August 07, 2014

Escaping Alaska stereotypes the Inuit

Is This Reality TV Show as Racist as It Sounds?TLC's latest series, Escaping Alaska, is being compared to Breaking Amish. This time, though, the participants are five Alaska Natives (identified as "Eskimos") who have hatched a plan to leave their families and culture to experience life in the lower 48.

Escaping Alaska already has problems: The whole setup is contrived, and depends on the premise that leaving their culture and family is (as Nuala says in the clip above) "considered treason." The show's description at the TLC website says "Leaving an Inuit community for any earthly reason is the ultimate sin, so our cast members are lying about their true intentions, telling their community that they are going on a cultural/religious mission, and thus committing the highest treason." Facebook commenters have already seized upon this premise as utterly false, saying that young Alaska Natives leave home all the time. The notion of "shunning" may have been borrowed from Breaking Amish.

We are to believe that the five met on the internet and have lied to their parents about the nature of their journeys south. The "culture shock" that will play out is a little harder to trust when we know they have the internet in their Alaskan homes. One of the young ladies wants to be an actress--an Eskimo Jennifer Lawrence, she says. These kids haven't exactly been living under a rock. They're less backward than the Amish.
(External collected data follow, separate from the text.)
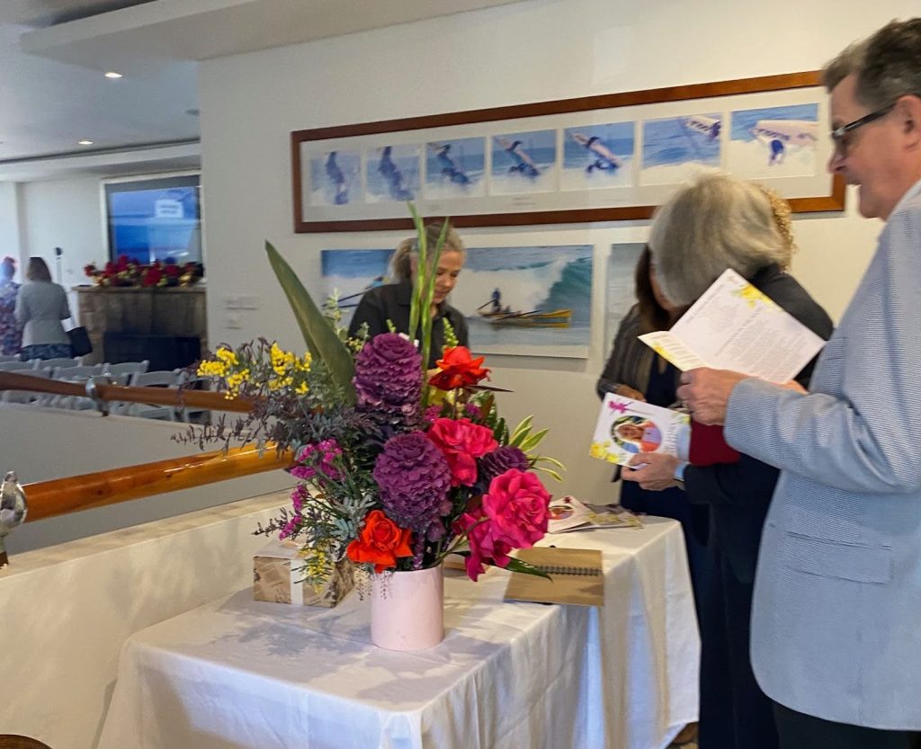 “Because Mum was a lover of education and was still educating herself and others, Karin suggested we make a display of some of her books and give away the books along with a bookmark we had made. There was a collage of photos and as she was also a painter, we had her paintings displayed as well.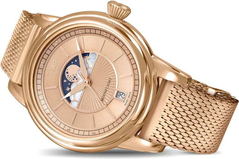 Aviator V.1.33.2.260.5 “Douglas Moonflight” — элегантный дамский швейцарский Moonphase-хронограф с утончённой авиационной эстетикой. Корпус 36 мм из нержавеющей стали с PVD-покрытиемPVDУльтратонкое покрытие наносится в технике вакуумного напыления, сочетает в себе нитрид титана особой прочности со слоем золота или оксида хрома. Несёт в себе декоративную или защитную функцию. с полированной отделкой обладает компактными пропорциями и удобным литым профилем.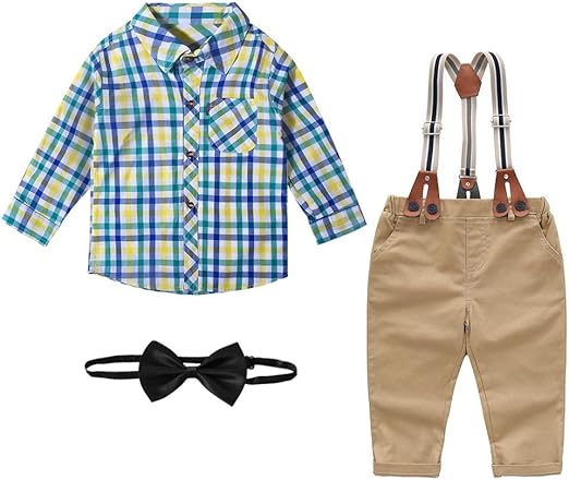2pcs Kids Infant Baby Boys Plaid Shirt Suspender Pants Overalls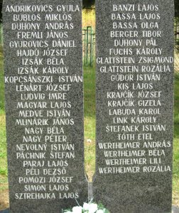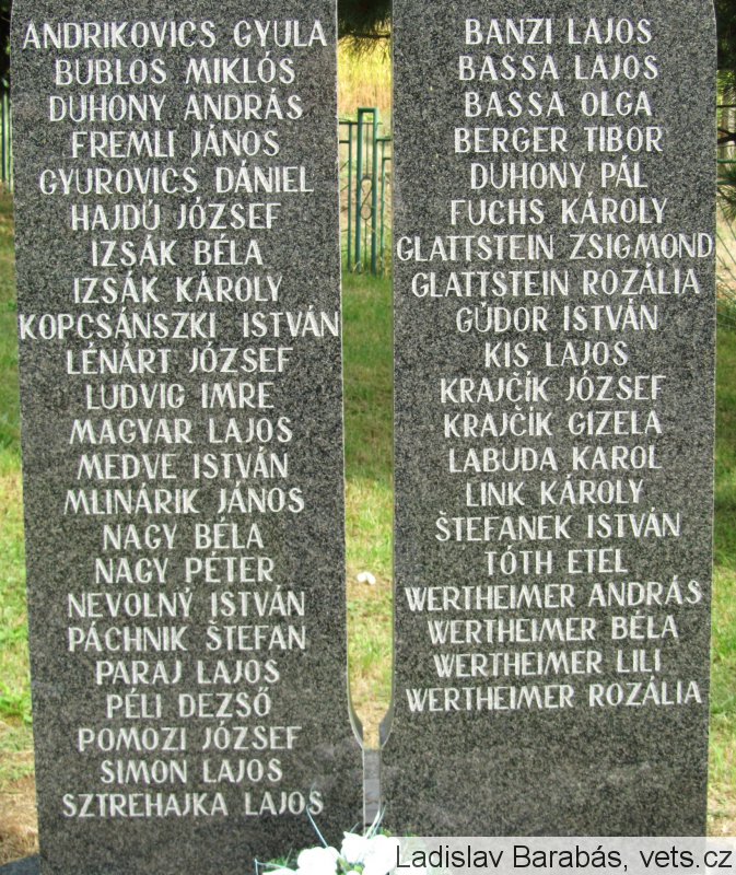 Poznámka: ANDRIKOVICS GYULA, BUBLOS MIKLÓS, DUHONY ANDRÁS, FREMLI JÁNOS, GYUROVICS DÁNIEL, HAJDÚ JÓZSEF, IZSÁK BÉLA, IZSÁK KÁROLY, KOPCSÁNSZKI ISTVÁN, LENÁRT JÓZSEF, LUDVIG IMRE, MAGYAR LAJOS, MEDVE ISTVÁN, MLINÁRIK JÁNOS, NAGY BÉLA, NAGY PÉTER, NEVOLNÝ ISTVÁN, PÁCHNIK ŠTEFAN, PARAJ LAJOS, PÉLI DEZSŐ, POMOZI JÓZSEF, SIMON LAJOS, SZTREHALKA LAJOS, BANZI LAJOS, BASSA LAJOS, BASSA OLGA, BERGER TIBOR, DUHONY PÁL, FUCHS KÁROLY, GLATTSTEIN ZSIGMOND, GLATTSTEIN ROZÁLIA, GÚDOR ISTVÁN, KIS LAJOS, KRAJČÍK JÓZSEF, KRAJČÍK GIZELA, LABUDA KAROL, LINK KÁROLY, ŠTEFANEK ISTVAN, TÓTH ETEL, WERTHEIMER ANDRÁS, WERTHEIMER BÉLA, WERTHEIMER LILI, WERTHEIMER ROZÁLIA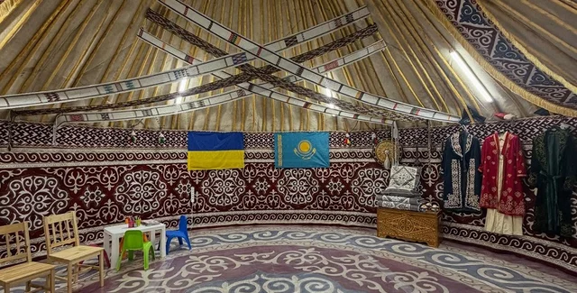 Юрта всередині прикрашена килимами. Тут кияни мають змогу не лише відпочити, а й познайомитися з культурою Казахстану, його народними костюмами, інструментами та традиціями. Вона працюватиме з 09:00 до 20:00.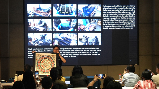 報告詳細梳理了夾纈這一中國古代極為精美復雜的印染技藝的興衰歷史及其珍貴遺存的收藏現(xiàn)狀。尤為精彩的是,分享了國絲團隊如何基于浙南地區(qū)尚存的藍夾纈技藝,結(jié)合嚴謹考證與實驗,成功破解五彩夾纈的技術(shù)密碼,復原了大英博物館收藏的唐代敦煌夾纈珍品,重現(xiàn)了這項失傳已久的“印花皇冠”的璀璨光芒。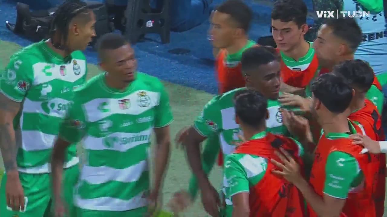 Un error en la salida de Santos permitió que Lucas Rodríguez, al minuto 25, lograra el empate al definir dentro del área tras el rechace del arquero de Santos.
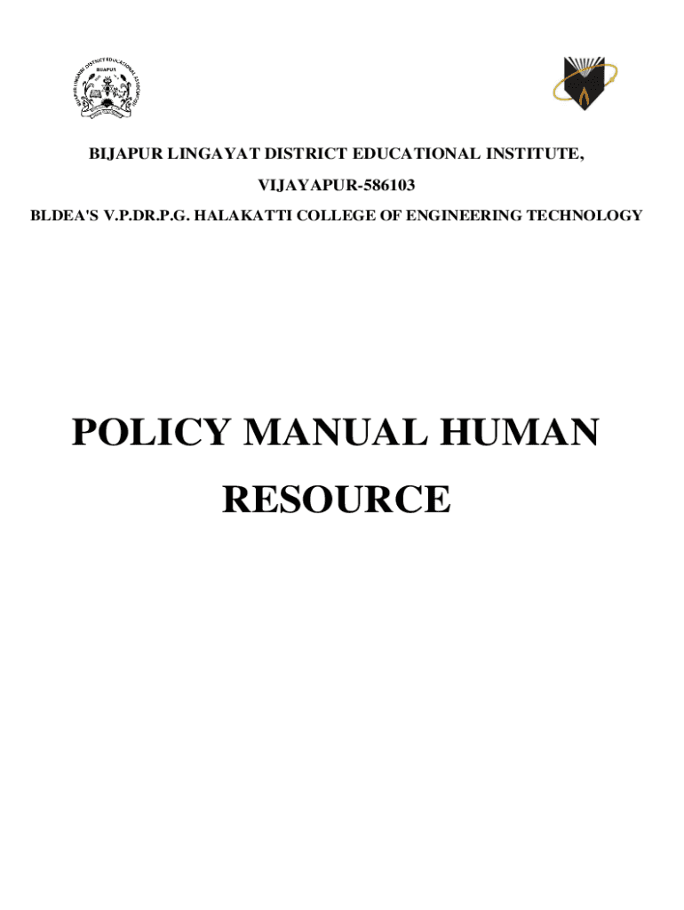 DIMAPUR LINGUIST DISTRICT EDUCATIONAL INSTITUTE, VIJAYAPUR586103 BL DEA\'S V.P.DR. P.G. HALAKATTI COLLEGE OF ENGINEERING TECHNOLOGYPOLICY MANUAL HUMAN RESOURCEVISION To emerge as a widely acknowledged
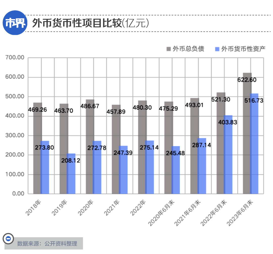 梳理年报数据可见,2018年到2022年,美的集团的外币货币性资产(包括外币货币资金、外币应收账款、外币其他应收款)合计金额都在208亿元到275亿元之间,外币货币性负债(包括长短期借款、应付账款、其他应付款、应付债券等)则在458亿元到493亿元之间,外币货币性资产始终低于负债。

But viewers are supposed to see them as backward. Their dress is supposed to be funny. Their love of seal meat is supposed to be funny. Here's a clip where one of them, Qituvituaq, or "Q," discusses how he likes to "go on adventure hikes looking for mythological creatures."


Reality Check: 'Escaping Alaska' escapes reality, but other than that, it's an OK watch

By Emily FehrenbacherI missed the first episode of “Escaping Alaska,” but recently watched the second one. In this episode, the cast arrives in San Diego. They get off the plane wearing fur parkas, which was the first indicator that this show was staged, because later in the episode they have many reasonable outfits with them for a sunny California climate.

The cast later goes on a whale watching cruise, and a random, already-mic’d, horrible “stranger” approaches them. As they tell this woman about whaling and subsistence culture, she responds with complete disgust and ends up storming away. One of the two gentlemen in the cast follows her and they end up going on a date that night. I was so confused. I rewound to see if I had missed something. But I had not. In the real world you don’t end up asking out people who tell you that your way life is repulsive.

Here’s the thing: I don’t want to be the reality police. If we are judging the show on its entertainment value and not taking into account how accurately it portrays Alaska Native culture, the real-life online acting resumes of the people in it and some of the questionable filming locations, the show is totally watchable.

I found the five characters to be likable, regardless of their fabricated story arcs. One girl, Tamara from Noorvik, brings a poster of her idol, Jennifer Lawrence, and a pillow with a picture of her crush, Prince Harry, on her journey. Which is just adorable. And I will never be someone who badmouths a good fish-out-of-water storyline, especially when it involves a boyfriend back home (Mary from Tanana) and some good partying in the streets (during Mardi Gras).

But the show is also treading lightly on big, often wrenching issues--including the challenges facing rural Alaska Native young people as they make their way in the world and the disappearance of villages and traditional ways of life. In the end, it’s hard not to be the reality police when the subject matter is very real to many Alaskans.
Comment:  Let me see if I have Fehrenbacher's position straight. She's saying we should ignore the fact that 200 years of entertainment--from novels and plays to movies and TV shows--have taught us everything we know about Natives. We should ignore that Escaping Alaska will be most people's only exposure to Inuit people and culture.

When we ignore Escaping Alaska's stereotypes and the proven harm of stereotyping, she says, we can view the show as pure entertainment. And in that context--where you completely blind yourself to the real-world consequences--the show can be enjoyable.

Similarly, if you ignore the ongoing violence against Native women, you can enjoy a comedy about them as shrewish "squaws" who deserve a smack. If you ignore the hundreds or thousands of Native deaths, you can enjoy a comedy about Trail of Tears or Wounded Knee. It's all about overlooking the bad and focusing on the good.

Great argument, Emily! Do you have any other ridiculous rationales for excusing and enjoying racism?